Get recall letter from Toyota USA or a Toyota dealership indicating the car has all recalls complete (this is usually the most difficult part).
Buy car, get copy of ownership and recall letter sent to border 3 days before shipping car
Get car to border, pay taxes and duty and riv fee and A/C tax etc.

Go to Canadiantire and get a safety / RIV inspection done and register the car.


----------



## crazyjackcsa (Aug 8, 2010)

It's not hard, but it is convoluted. Jamesbe pretty much spelled it out for you.

I had one friend do it. First you have to find the car, most dealers won't sell to Canadians, then you have to buy the car, arrange to get it to the border, make sure it has all the safety features a Canadian car would, and taadaa.


----------



## bayview (Nov 6, 2011)

If the US sourced car is admissible in Canada - is its warranty automatically recognised by the Canadian dealership? I have been thinking, if I would to do it one day I would go or the most expensive car I can afford to justify the "trouble".


----------



## Sampson (Apr 3, 2009)

crazyjackcsa said:


> most dealers won't sell to Canadians


Not from what I've seen. Most US dealers cannot sell a car without first registering it to a US address - i.e. all cars meant to be sold in the US must be registered in the US at some point in its lifetime.

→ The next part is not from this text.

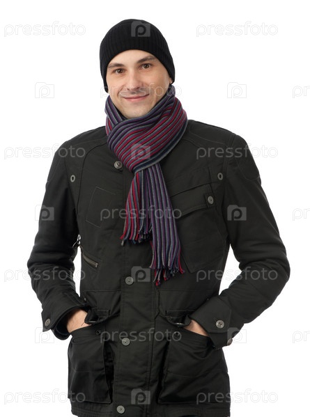 Улыбающийся мужчина в зимней одежде на белом фоне

This means used cars are fair game (since they are already registered in the US, and simply need that changed during the import process), or if you can manage some temporary US address, this can also work.


----------



## My Own Advisor (Sep 24, 2012)

Good to know Sampson.


----------



## Sampson (Apr 3, 2009)

bayview said:


> If the US sourced car is admissible in Canada - is its warranty automatically recognised by the Canadian dealership? I have been thinking, if I would to do it one day I would go or the most expensive car I can afford to justify the "trouble".


Many/most manufacturers DO NOT respect cross-border warranties. Last I checked (about 4 years ago), Toyota was one of the only manufacturers that would. If you are really concerned, buy 3rd party insurance/warranty.


----------



## FrugalTrader (Oct 13, 2008)

Is there a list somewhere that details the cars/trucks with the biggest difference in pricing between US and Canada?


----------



## bayview (Nov 6, 2011)

Sam, Thks for your info!


----------



## Eder (Feb 16, 2011)

I saved 25k buying my motor home by flying to Iowa rather than buying down the road in Calgary.Don't forget that in the USA you need a certificate of title to prove ownership...not the bill of sale (ask me how I know haha)

riv.ca is your friend as noted above


----------



## bayview (Nov 6, 2011)

Found this on the net - Not sure whether this is updated, but it lists Canadian Warranty information on new cars bought in the U.S.

http://www.apa.ca/CanadianWarrantyinformationonnewcarsboughtintheUS.asp


----------



## Sampson (Apr 3, 2009)

FrugalTrader said:


> Is there a list somewhere that details the cars/trucks with the biggest difference in pricing between US and Canada?


Way out of date... but
http://www.importcartocanada.info/faq/canadian-vs-us-2008-vehicle-msrp-prices/

Tells you when I was shopping for a car last. I have been stockpiling USD though in anticipation of my next car.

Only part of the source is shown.